Everyone on the Team

Ki Tavo By :  Craig Scheff Adjunct Lecturer of Professional and Pastoral Skills Posted On Sep 23, 2016 / 5776 | דבר אחר | A Different Perspective
Everyone on the team, from the manager to the coach, from a secretary to an owner, has a role to fulfill. That role is valuable if the team is to come close to reaching its potential. The leader must understand this. Every single member of your team needs to feel wanted and appreciated. If they are on the team, they deserve to be valued and to feel valued. Do you want someone on the team who doesn’t feel necessary and appreciated? How do they find out unless you let them know?
—John Wooden and Steve Jamison, Wooden: A Lifetime of Observations and Reflections On and Off the Court

John Wooden is widely considered to have been one of the best basketball coaches of all time, certainly so at the college level. As a teacher, he is best remembered for his accessible manner. His understanding of psychology, motivation, and organizational behavior enabled him to teach life in the same breath as he did sports.

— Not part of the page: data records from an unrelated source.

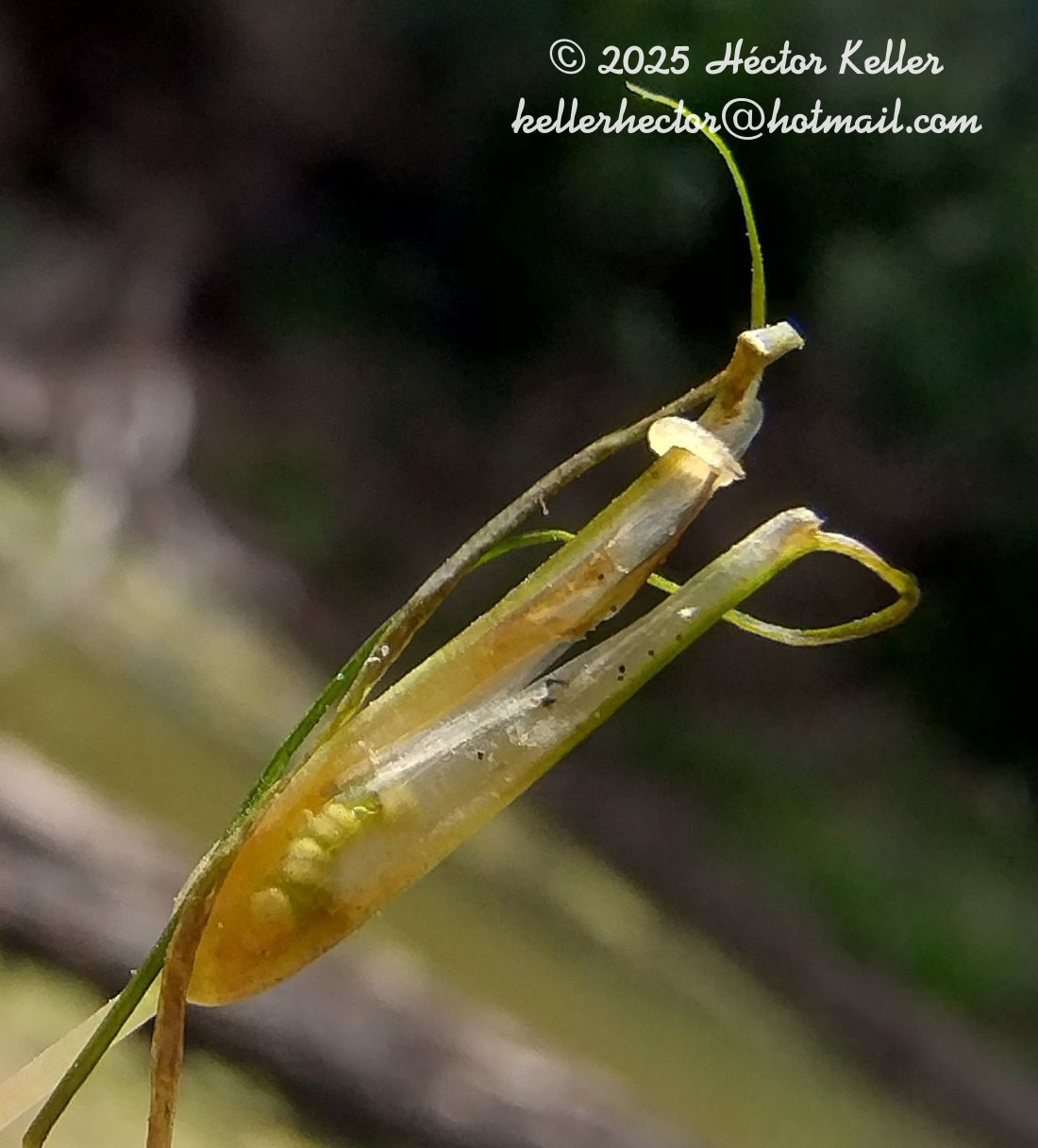Rizomas largos, cilíndricos, de 0,6- 0,7 mm lat., entrenudos de 3-5 cm y tallos delgados, ramificados, de 0,25- 0,5 mm lat. Hojas de 5-15 cm × 0,2-0,7 mm. Vainas de hojas alternas de (5) 7-16 (20) × (0,4) 0,6-1 (1,5) mm; las de hojas subopuestas (floríferas) de (5) 7-14 (19) × 0,7-1,6 mm. Pedúnculos rectos a curvos no espiralizados o con 1 espiral en la base, de 3-16 cm. Inflorescencias de 1,5-4 (5) mm. Flores con (3) 4 carpelos y anteras esfero-elipsoidales a reniformes de 0,4-1,4 mm. Polen curvado de 70-90 × 25-30 µm. Podoginos de 5-25 × 0,2-0,5 mm. Drupéolas piriformes ± simétricas o asimétricas, levemente comprimidas de 1,3-2,2 × 1,3-1,6 mm con rostro ligeramente curvado de 0,5-1 mm. Endocarpo con rostro de ± 1 mm y opérculo de 1-1,2 × 0,3-0,7 mm. La variedad tipo se diferencia por sus pedúnculos rectos a curvos de 0,5- 3 cm. Inflorescencias de 1,5-3,2 mm; anteras esfero-elipsoidales de 0,4-0,7 mm cubriendo sólo parcialmente al raquis en vista lateral.
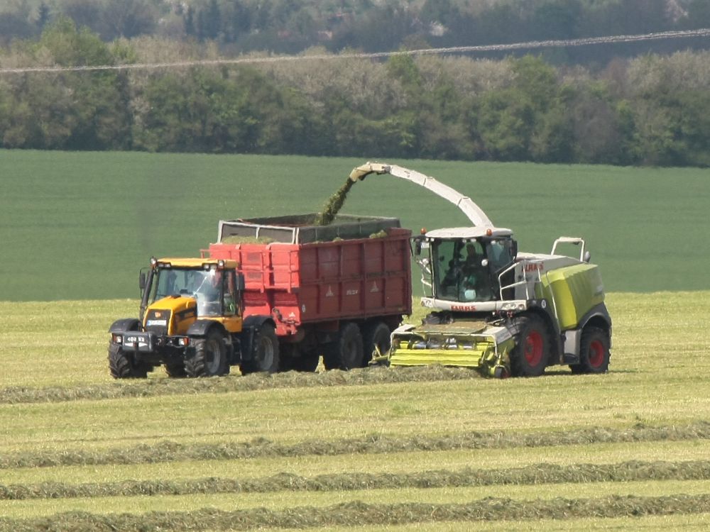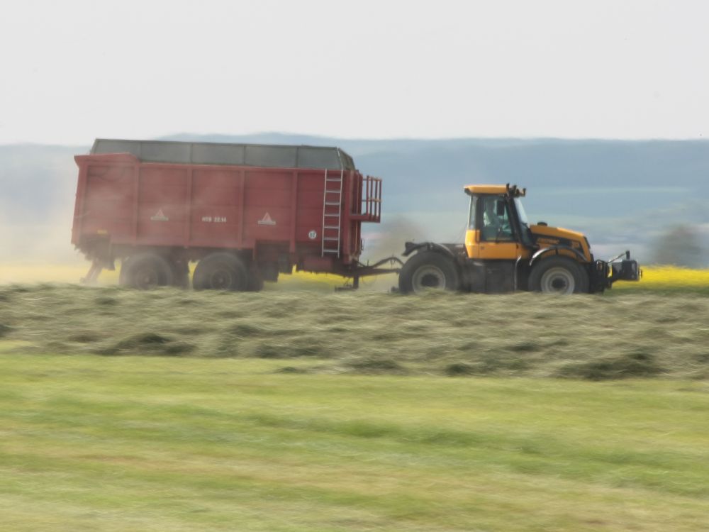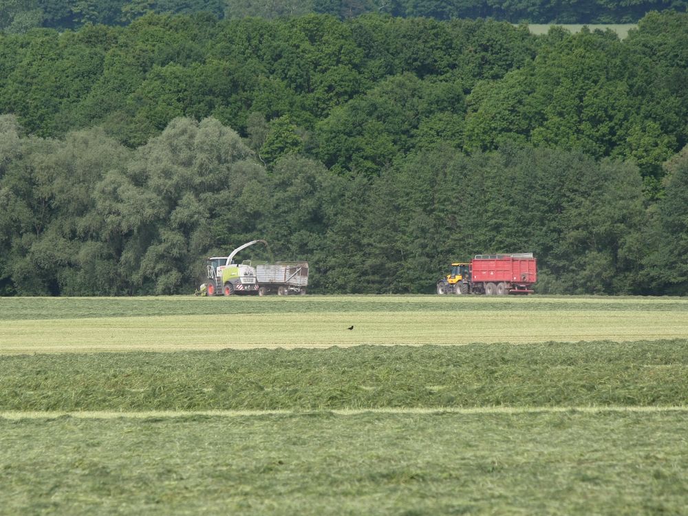 Heute bin ich endlich mal rechtzeitig zum Häckseln am richtigen Ort gewesen. Auf dem Weg zur Arbeit hab ich schon von Weitem einen Schwader gesehen. Auf dem Heimweg konnte ich dann von einer Stelle die ganze Sache schön überblicken. Die Luft flimmert allerdings schon ganz schön.
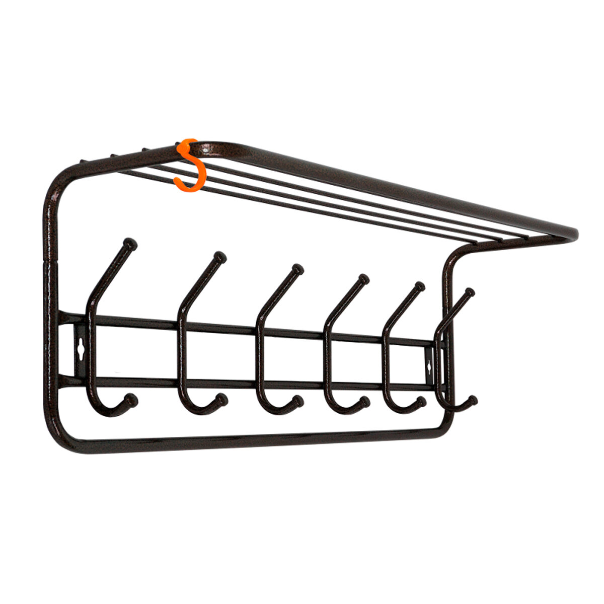 Вешалка настенная с полкой "ВСП7", 265х725х220 мм, 6 крючков, металл, черная, ВСП 7 Ч
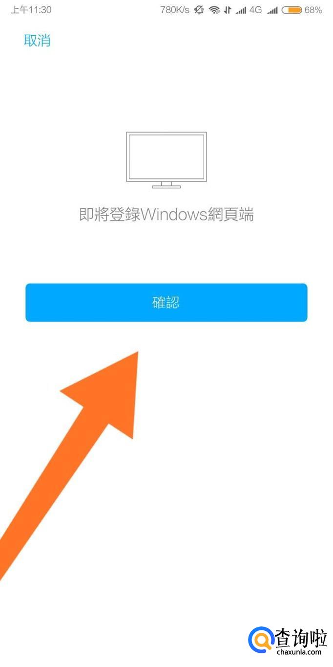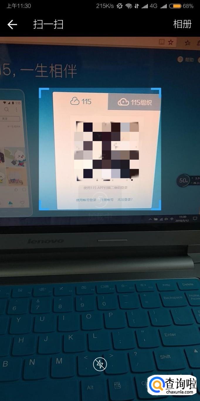 接着扫描电脑屏幕上的二维码。
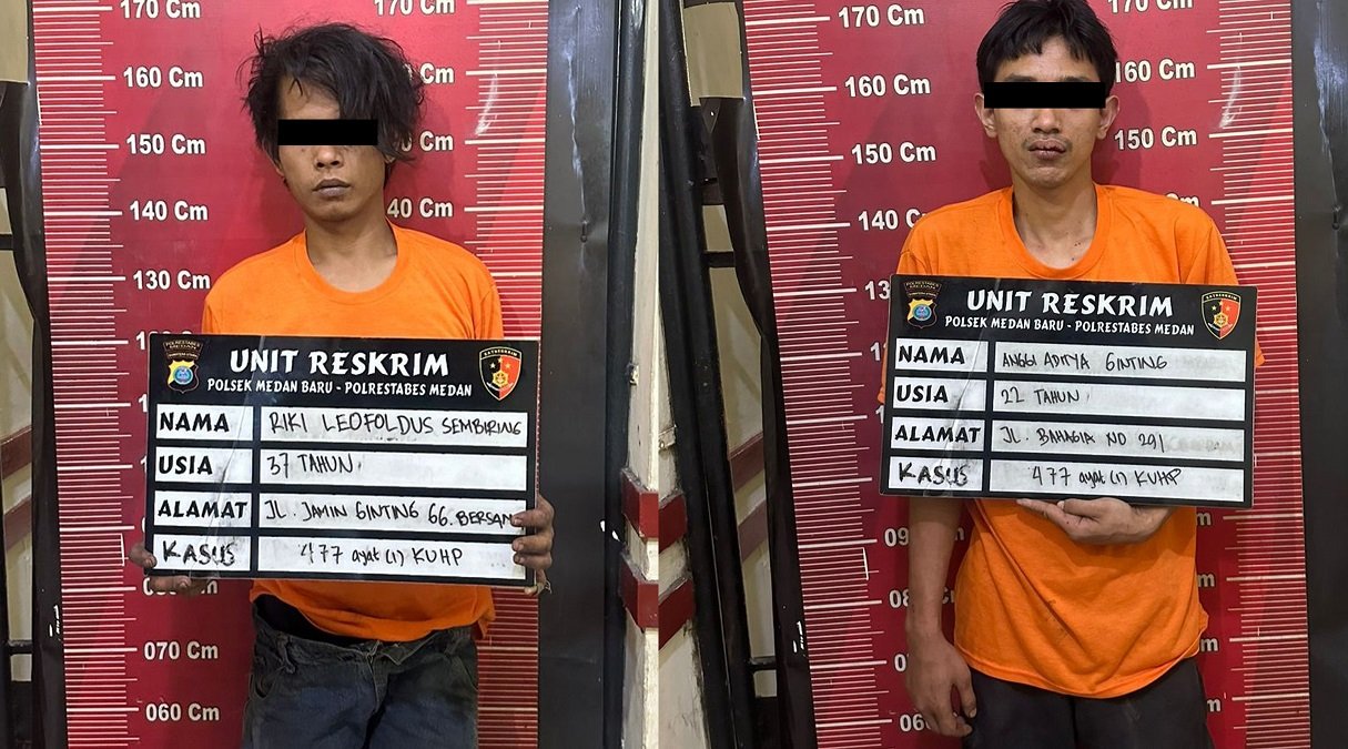 Kedua pelaku masing-masing bernama Riki Leofoldus Sembiring (37), warga Jalan Jamin Ginting Gang Bersama No. 24, Kelurahan Titi Rante, Kecamatan Medan Baru, dan Anggi Aditya Ginting (22), warga Jalan Bahagia No. 291, Kota Medan.
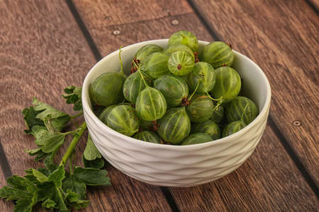 Fresh gooseberry in a wooden bowl. Small depth of field.
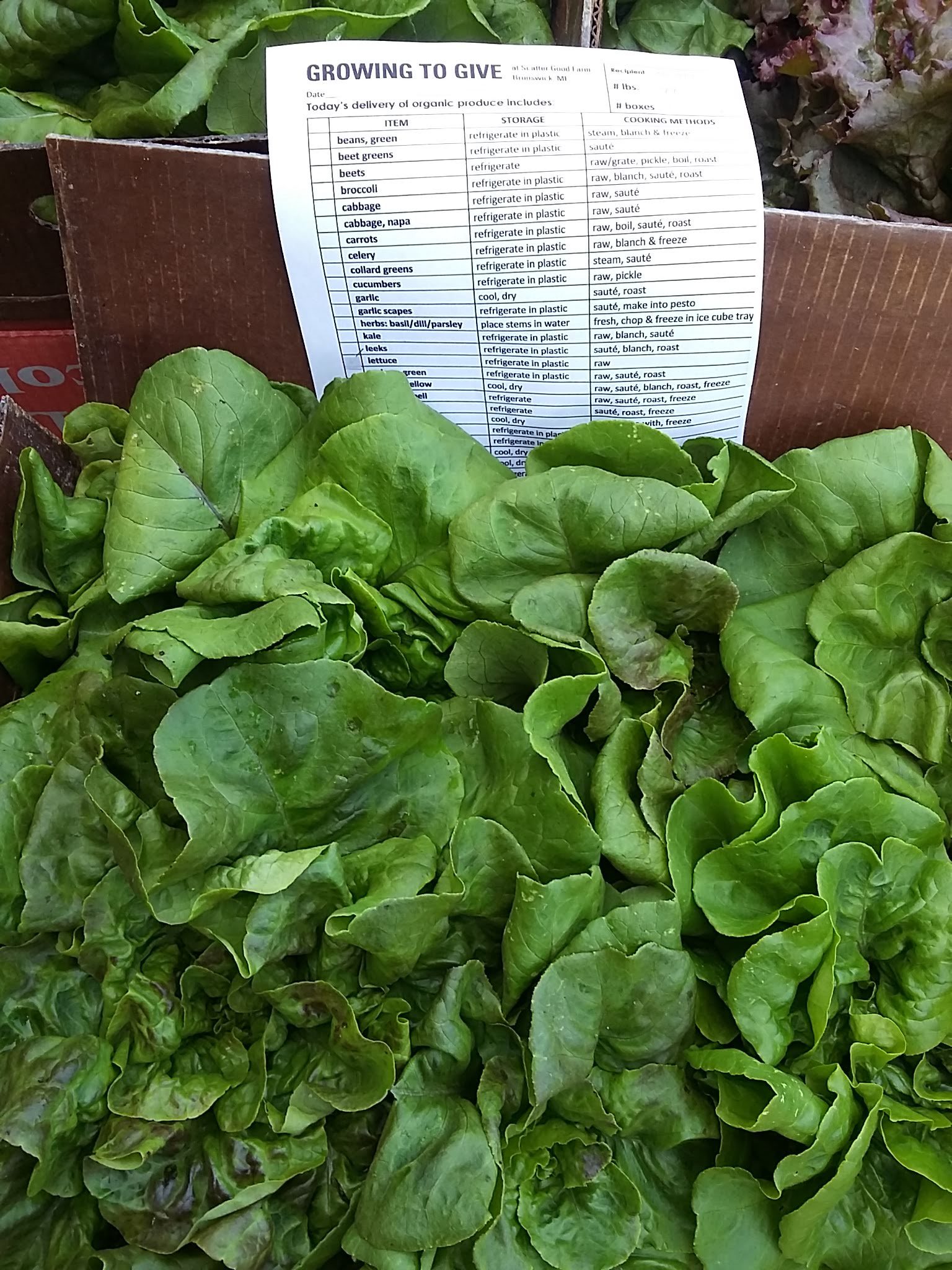 Multiple gleanings this week resulted in 300 pounds of lettuce being sent out to our local food system. Boxes and individual bags for distribution are accompanied by a Growing to Give identification list. We came up with a checklist that explains what produce is being delivered and a simple explanation of how to store and use it.
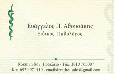 customer tabsContactPATHOLOGISTSHEALTHKokkini Xani, Heraklio, CreteHERAKLIOCRETE28107630076979971419drvathousakis [at] gmail.com Photos Facebook LikeGoogle Plus OneShare on FacebookTweet Widget
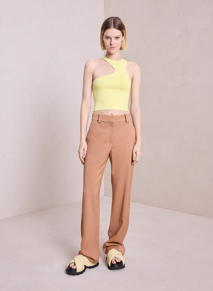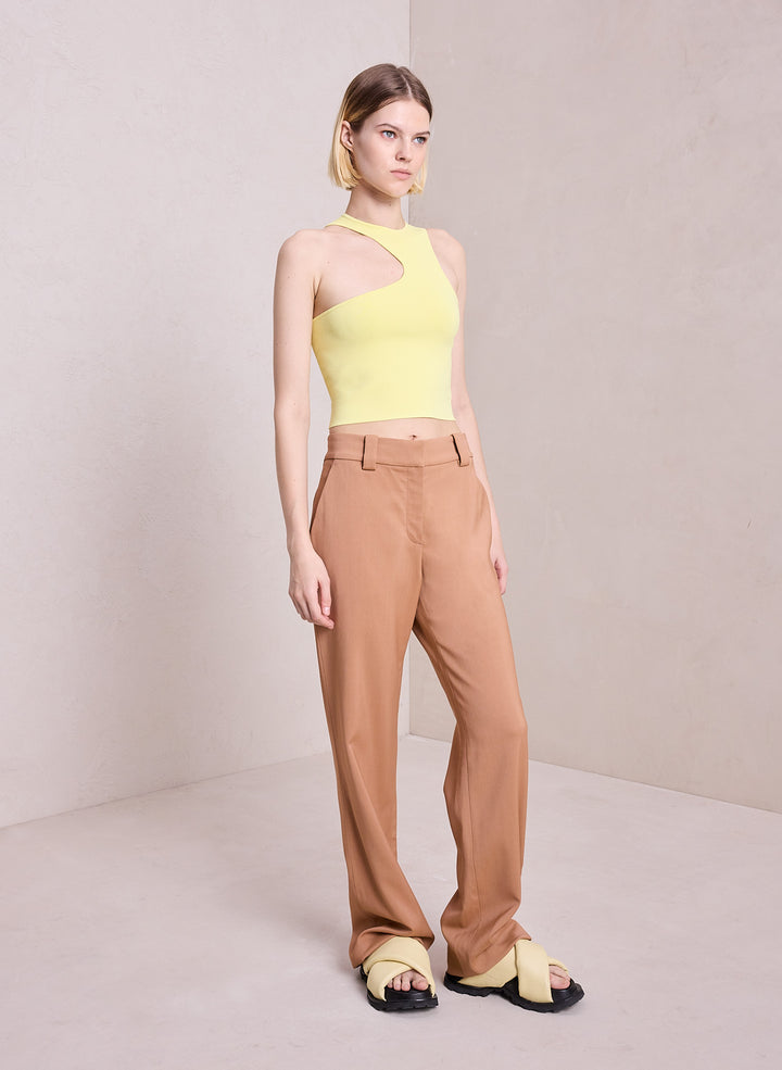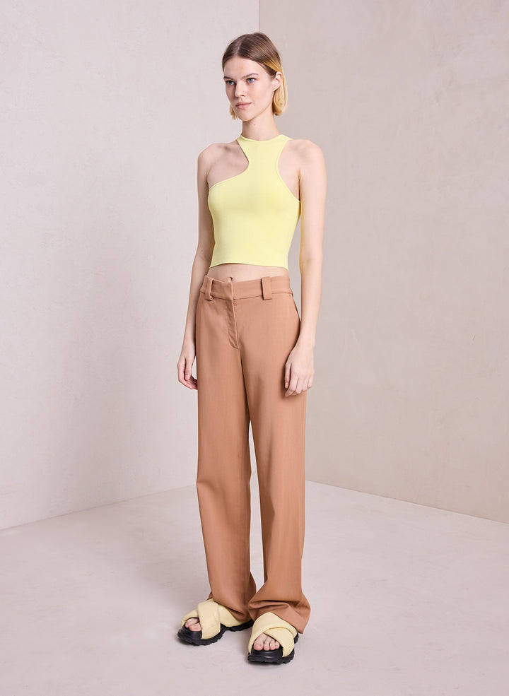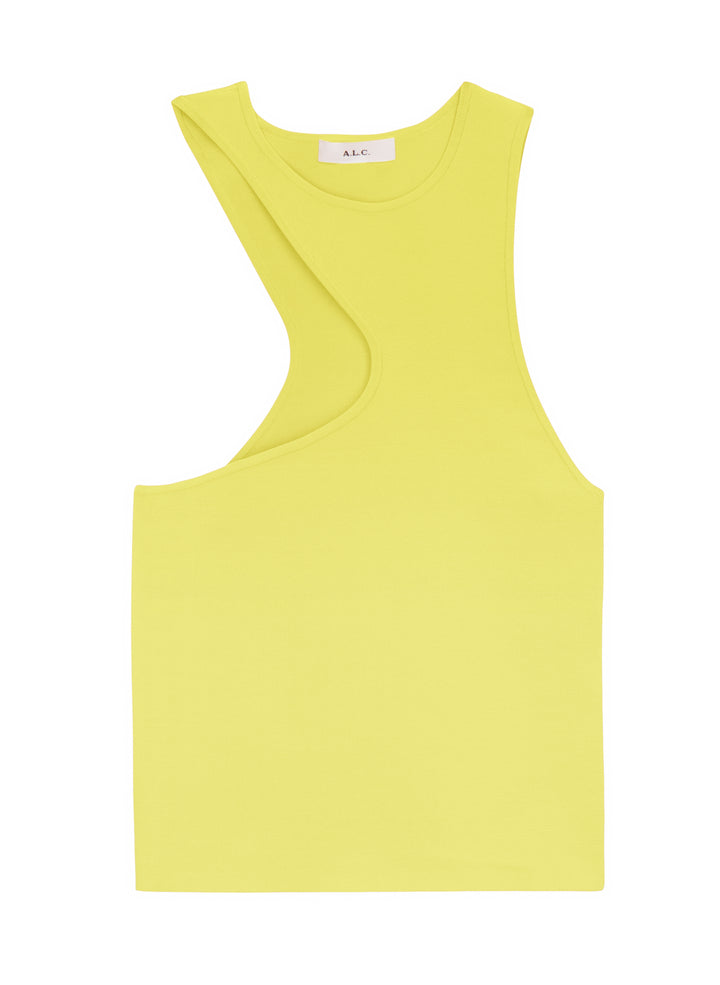 DescriptionThe Lara Top is knitted from our soft, signature compact knit fabrication in a citrine yellow. This modern racerback tank features asymmetric curves and a cropped fit for a sexy sportswear aesthetic. Shop Tops
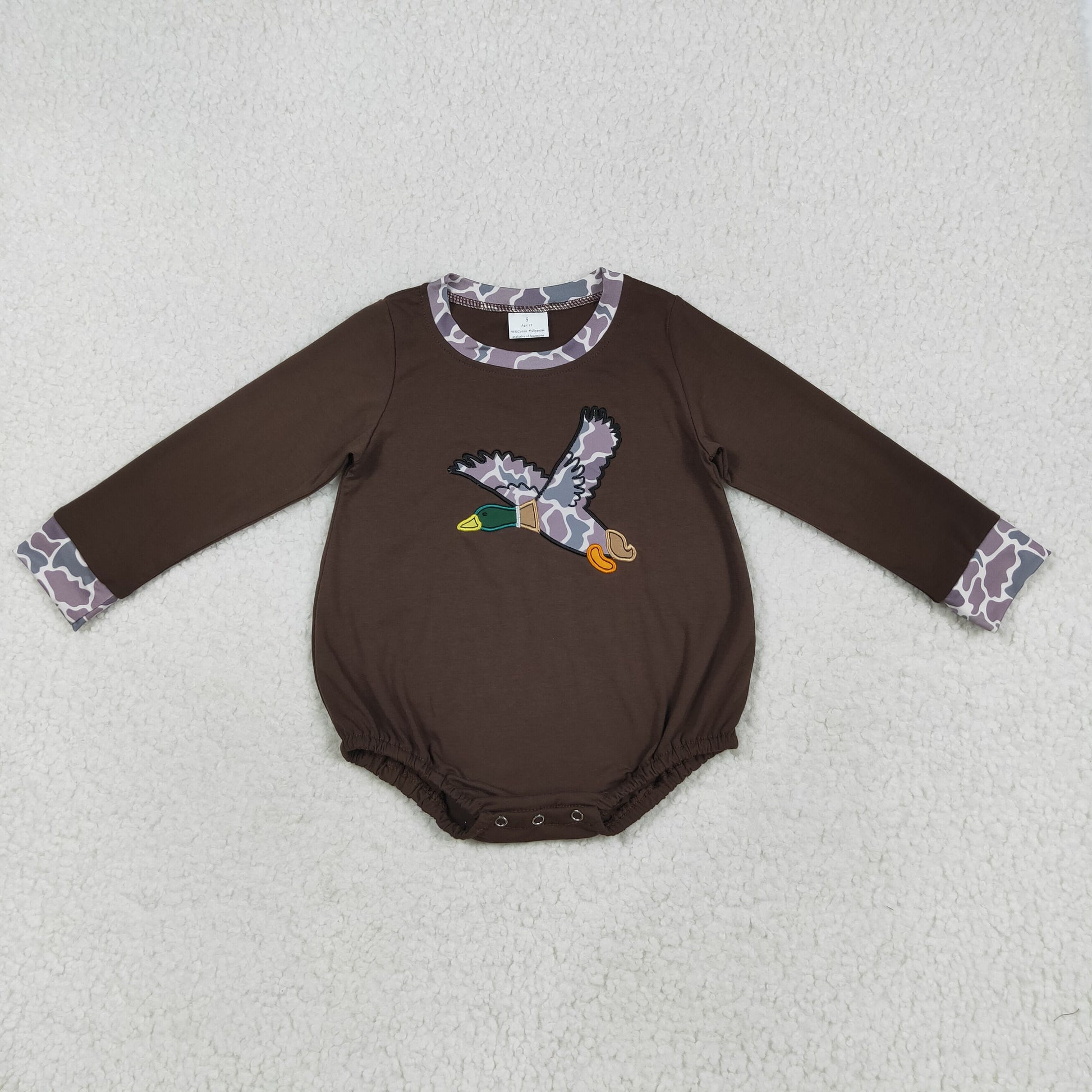 LR2310 Duck Embroidery Camo Brown Baby Boys Fall Bubble Romper

Life’s players, he teaches, need to know that participation in the communal effort is valued. Whether we are at the center of the action or on the bench, we need to know we’re contributing to the team’s history, development, and success. If our efforts feel validated, that ultimately benefits the team.

The ceremony of first fruits in Ki Tavo is presented as a thanksgiving for God’s benefit (Deut. 26:1-11). The Master Coach, however, seizes the opportunity to give everyone on Team Israel a moment to shine. Every player fulfills the obligation of showing up by bringing the basket of first fruits to the place-to-be-named-later. We follow the playbook,reciting the same formula that the rest of the team has practiced. And we all get meaningful minutes on the Divine court. The moment is ultimately an empowering one. Every player on the team participates equally. Every player is part of the narrative, sharing in the origins of the team’s history. Every player gets credit for having contributed to the team’s accomplishments.

As each individual Israelite gets the chance to highlight his or her contribution to the communal effort, a sense of pride, ownership, allegiance, and interdependence is fostered within the community. That is a winning formula for any team.